To be continued in the next post...

Monday, January 3, 2011

Dryer Sheets No More

Sorry for the delinquency. Unfortunately, I haven't had enough time to pursue my evening pastime of writing my random feelings and thoughts. I have encountered a most unusual and annoying experience and feel that it is appropriate to share it with you.

I am not someone who is usually allergic to things. No peanut allergies except for that one year when I was younger and my doctor performed the prick test on my arms and found out that I could possibly be allergic to almonds which turned out to just being allergic to the change in seasons. I'm okay around dogs and cats, I sneeze like all normal people when the flowers bloom and the weather turns to spring. I'm pretty sure I had some diaper rash (which self-respecting baby didn't?), and I might have had an adverse reaction or two to bath bubbles.
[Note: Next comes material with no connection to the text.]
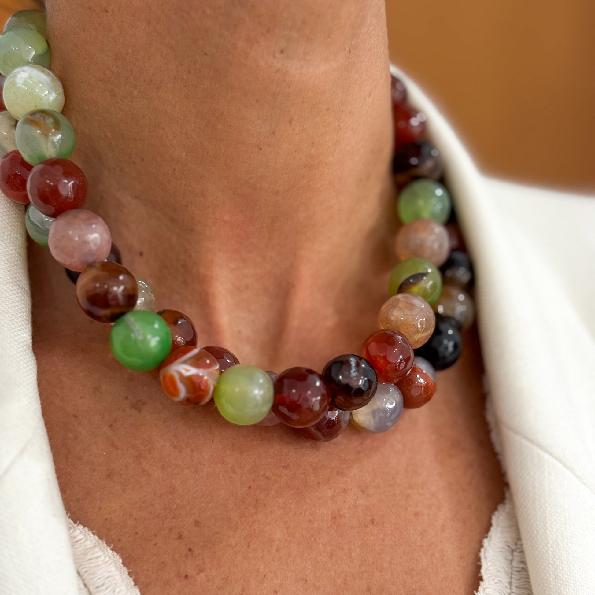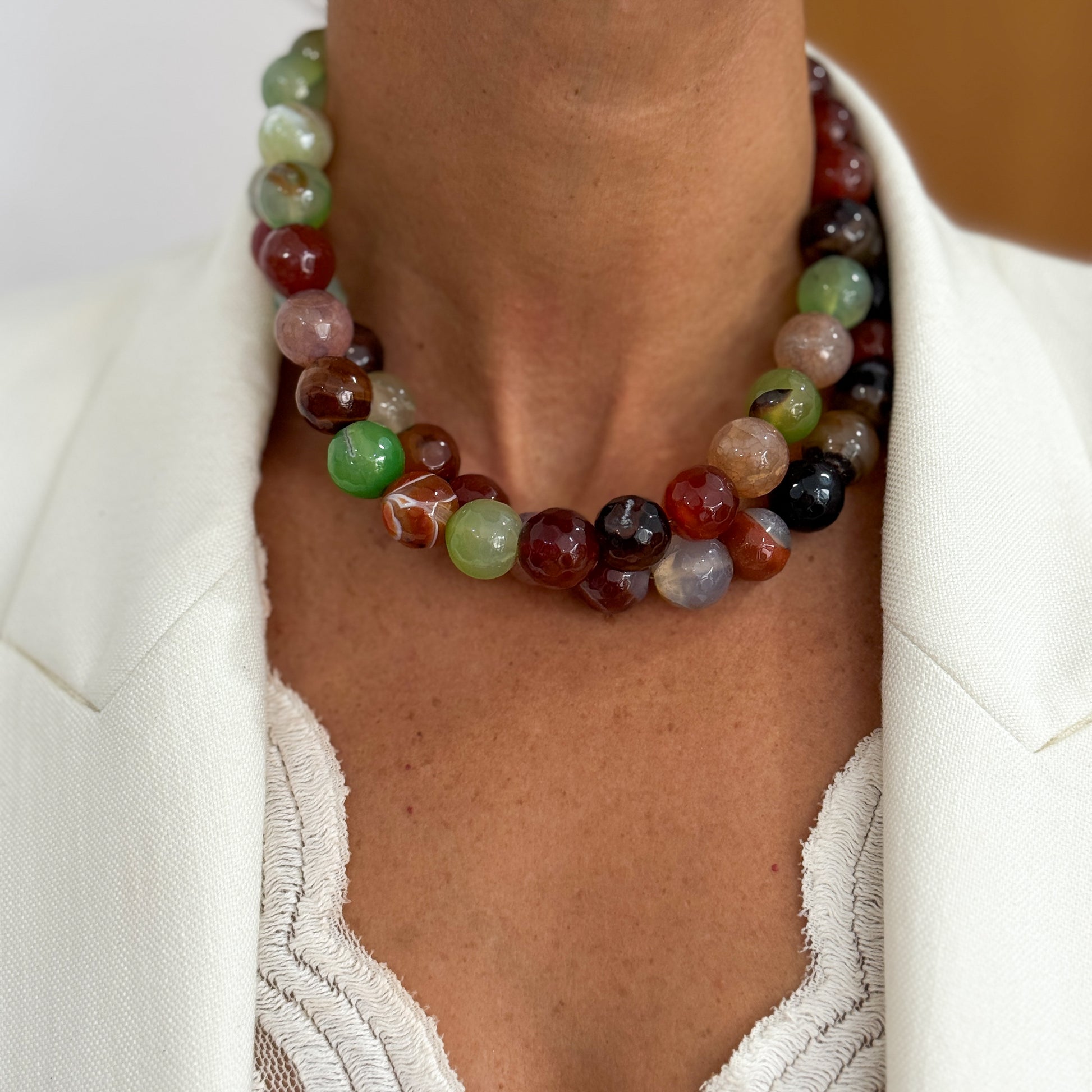 Colar em aço inoxidável e pedras naturais, vendido em separado.

They're all chemicals, as my mom likes to say. Speaking of which, how about those dryer sheets?


All of a sudden, one random day around Thanksgiving, an itchy, rashy looking group of bumps appeared on my hands. I felt like a leper. I was scared someone would look at my hands and think, hmm this person better not be spreading some ridiculous itchy bump disease. They were oddly concentrated only on the outside of them, between my knuckles and my wrists. I couldn't think of any reason why they came up. Did I douse my hands in something that spurred some 20 year dormant allergy? Definitely not. Did I eat something that could have specifically decided to cause an allergic reaction on my hands only? Probably not. I eat pretty much everything and not even super spicy Indian food can conquer me.
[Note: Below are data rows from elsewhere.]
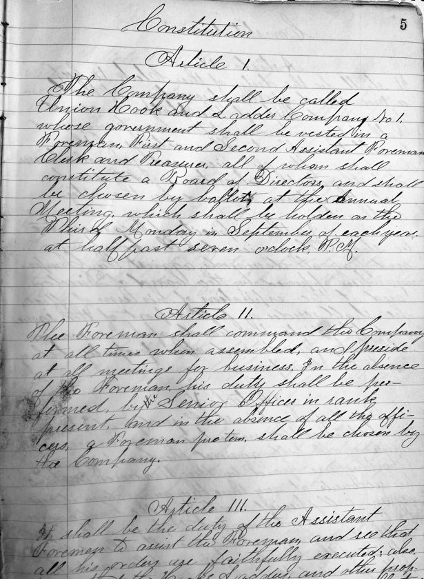 - Courtesy photo The articles that made up the constitution of Nashua’s 1870s Union Hook & Ladder Co. No. 1 occupy the first several pages of the 300-plus page log book that city Fire Marshal Adam Pouliot donated to the Nashua Historical Society. (Courtesy photo)
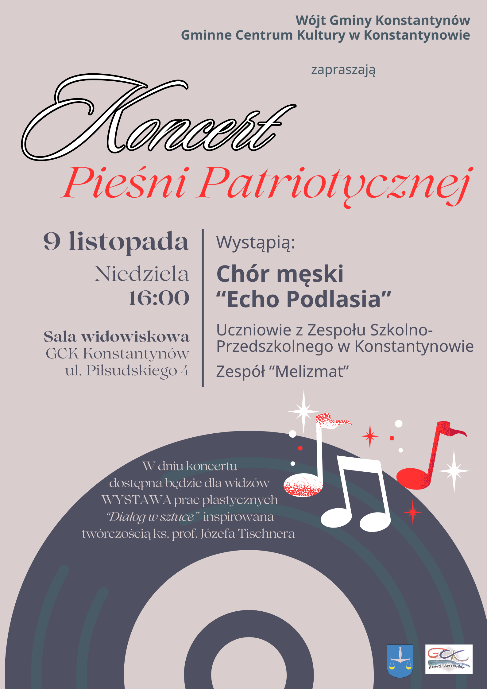 Pieśni patriotyczne w wykonaniu lokalnych artystów zabrzmią w sali widowiskowej Gminnego Centrum Kultury w Konstantynowie. Koncert Pieśni Patriotycznej odbędzie się 9 listopada o godzinie 16:00 i będzie okazją do wspólnego przeżywania muzyki nawiązującej do historii i tradycji narodowej.
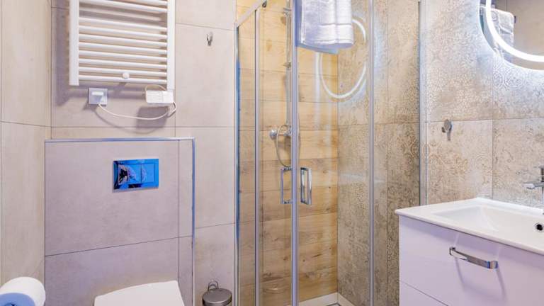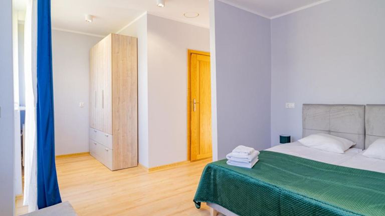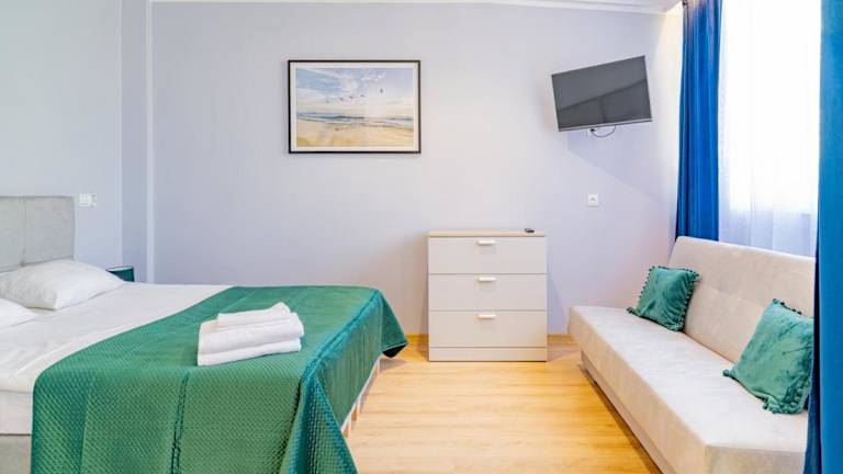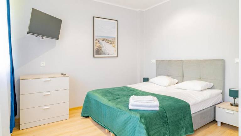 Die Zimmer im Baltic Sport sind ausgestattet mit einem Kleiderschrank, einem Flachbild-TV, einem eigenen Badezimmer, Bettwäsche und Handtüchern.
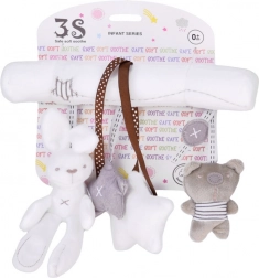 • 3 Hängeelemente – Häschen mit Melodie, Stern mit Quietsche, Bär als Rassel.
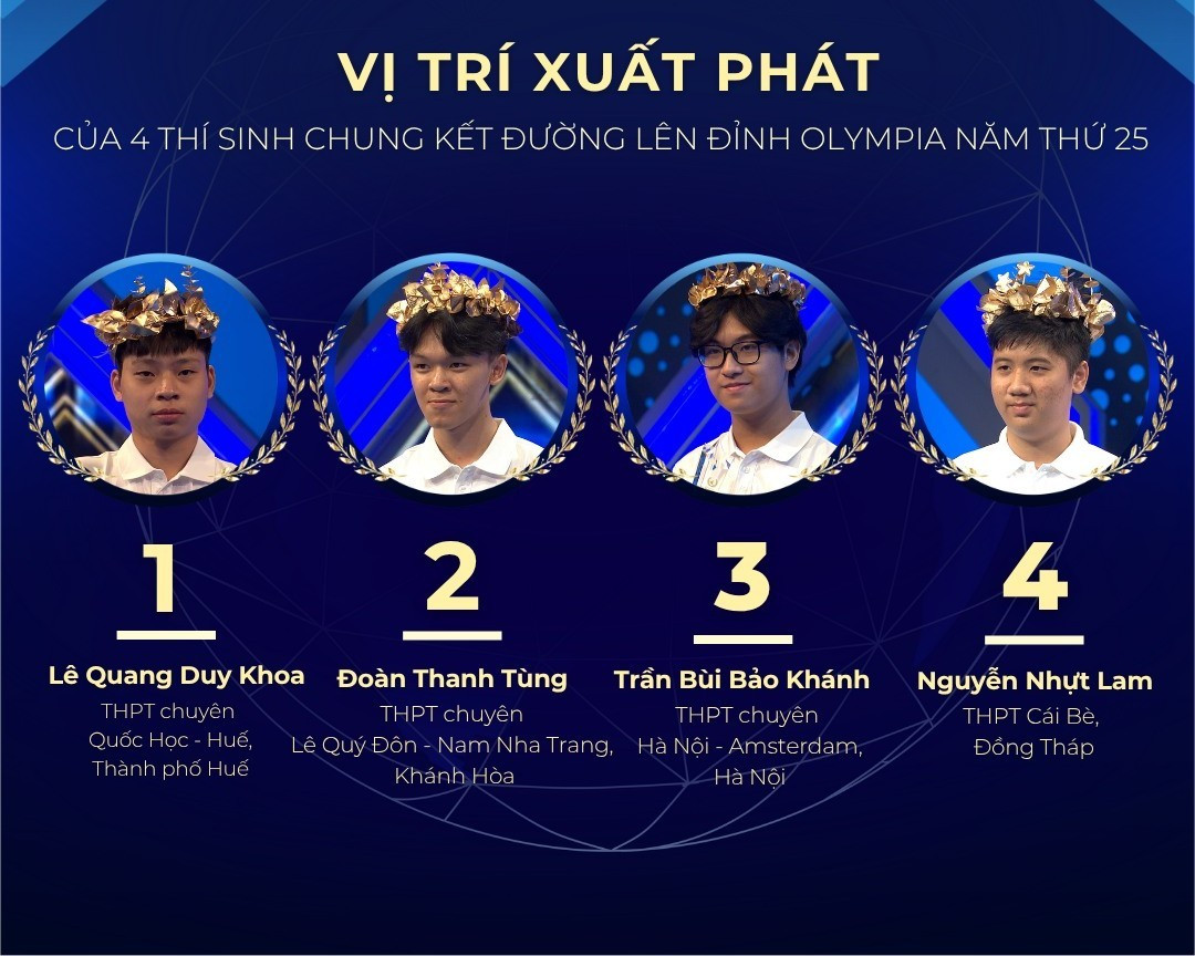 Trần Bùi Bảo Khánh (học sinh trường THPT chuyên Hà Nội - Amsterdam) đến với trận Chung kết năm với sự quyết tâm lớn, tự tin tâm lý vững vàng, sẵn sàng bứt phá bản thân giành lấy ngôi vị vô địch Olympia năm thứ 25.
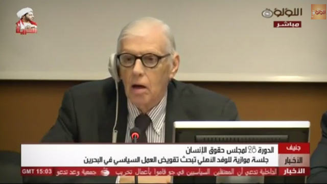 ودعا جريف أثناء ادارته جلسة موازية حول “تقويض العمل السياسي في البحرين” بمجلس حقوق الإنسان للأمم المتحدة على هامش أعمال الدورة الثامنة والعشرين المنعقدة في جنيف، دعا إلى إنهاء التمييز الذي تتعرض له الأكثرية في البحرين، موضحاً أنه كان يأمل أن يحصل تغيير في الوضع الحقوقي في البحرين ونوع من التسوية ومناقشة المشاكل الجدية ولكن ذلك لم يحدث.
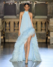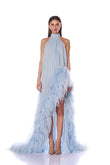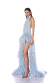 This stunning light blue halter-back gown features a high neckline that elegantly frames the shoulders and neck. The bodice is crafted from a flowing, sheer fabric, creating a delicate, airy feel. Luxurious feathers accent the sides of the skirt, adding a touch of luxury and movement. Highly slit side skirts further elevate the gown's allure, adding a touch of elegance and movement. Paired with embellished heels, this gown is perfect for formal occasions, from evening parties to red carpets. Its unique and captivating design is sure to make you stand out.
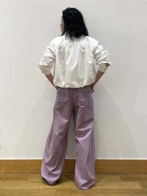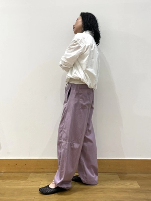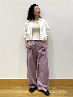 パラシュートパンツを大人っぽく綺麗めに。
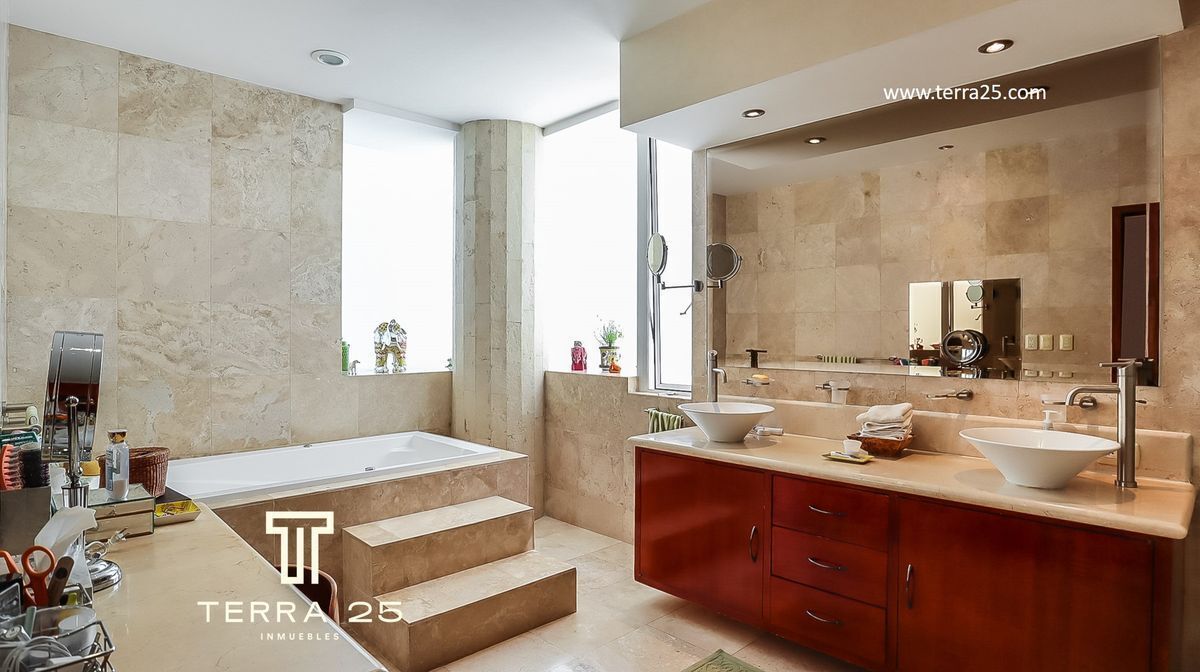 Con 3 recamaras con baño y vestidor cuenta con opción a una cuarta, elevador directo al departamento, oficina o despacho.

Perhaps it was those acrylic gloves that I've been wearing for the past 5 years that caused this unsightly set of itchy bumps. And so, I tested it. I rubbed one hand with the acrylic glove for a few minutes, then wore it on that same hand for about 30 minutes. Nothing. Well, not nothing. The itchy bumps were still there, demanding that I desperately scratch my hands until I could find another bottle of cortizone. Cortizone is pretty useless by the way, unless you have a mosquito bite, which I definitely did not have. No, to the acrylic, no to the almonds/other non-existent food allergies. What else? I had to Web-MD it.
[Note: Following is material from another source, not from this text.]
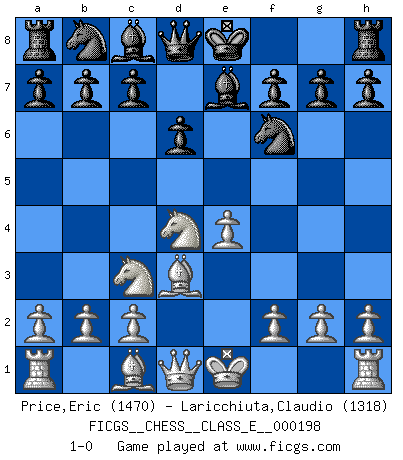 Last move : 1-0 2017 July 30 0:50:49 [Event "FICGS__CHESS__CLASS_E__000198"] [Site "FICGS"] [Date "2017.06.17"] [Round "1"] [White "Price,Eric"] [Black "Laricchiuta,Claudio"] [Result "1-0"] [WhiteElo "1470"] [BlackElo "1318"] 1.e4 e5 2.Nf3 d6 3.d4 exd4 4.Nxd4 Nf6 5.Nc3 Be7 6.Bd3 1-0 This chess game has been lost on time (started : 2017.06.17 23:7:29) Philidor : Exchange variation Player White won this chess game. Follow this game move after move (download)All my games are real. (Bobby Fischer) Ein Springer auf f6 gegen die eigene Rochadestellung ist schlimmer als ein rostiger Nagel im Knie. (Efim Bogoljubov) El juego de Fischer siempre fue nítido, racional y brillante. Uno de los mejores por siempre. (Dave Regis) A chaque perte on perd un peu de soi. (Joël Lautier) The bottom line is always the bottom line. (Johann Piek)

Again, no help except that I started to think that I had a form of cancer that began as itchy bumps on your hands. Mind you, this has been several days of flaringly itchy bumps on my hands that didn't seem to die down. The lone acrylic experiment didn't work, Web-MD failed to diagnose me, and I was starting to think I had a unique case of a new hand disease. Benadryl helped sometimes, but I didn't want to be drugged up all day at work and nodding my head in drowsiness.

Finally, I talked to my parents about it. Granted one is a dentist and prides herself on her excellent medical awareness and research abilities, I probably should have talked to them earlier. They boiled it down to soap and feminine lotions that are too much for my delicate sensitive hands or dryer sheets. More experiments underway, including countless loads in the washing machine and new bars of ivory soap. At long last, we figured it out, and I had to part ways with my dryer sheets. The culprit was hiding behind that veneer of a promise to de-static and perfume my clothing. I felt so betrayed!

Dryer sheets and I had gotten along pretty well over the years, especially after I had learned to do my own laundry. However, my skin and my sanity were my priority. The chemical residue reaction that were the itchy bumps on my hand started to fade after each load of laundry sans dryer sheet and I could finally feel relieved. I have been itch-free ever since, minus the one flare up when I wore a friend's sweater that reeked of dryer sheets (of course I noticed this after I was wearing it for a while).



I have looked into alternatives like "natural" dryer sheets and feel a little cautious as to trying them. One wrong step and I could be five ways to Benadryl-Cortizone land. I hope the old washcloth and conditioner remedy works like the housewives say they do. Maybe they've all encountered the same scenario as me, forgot to write about it in Web-MD, and discovered a magical solution. I'm crossing my fingers and praying it comes in a bottle labeled 7th generation or Sun & Earth.

In the meantime, I have sworn off an old friend. Goodbye dryer sheets!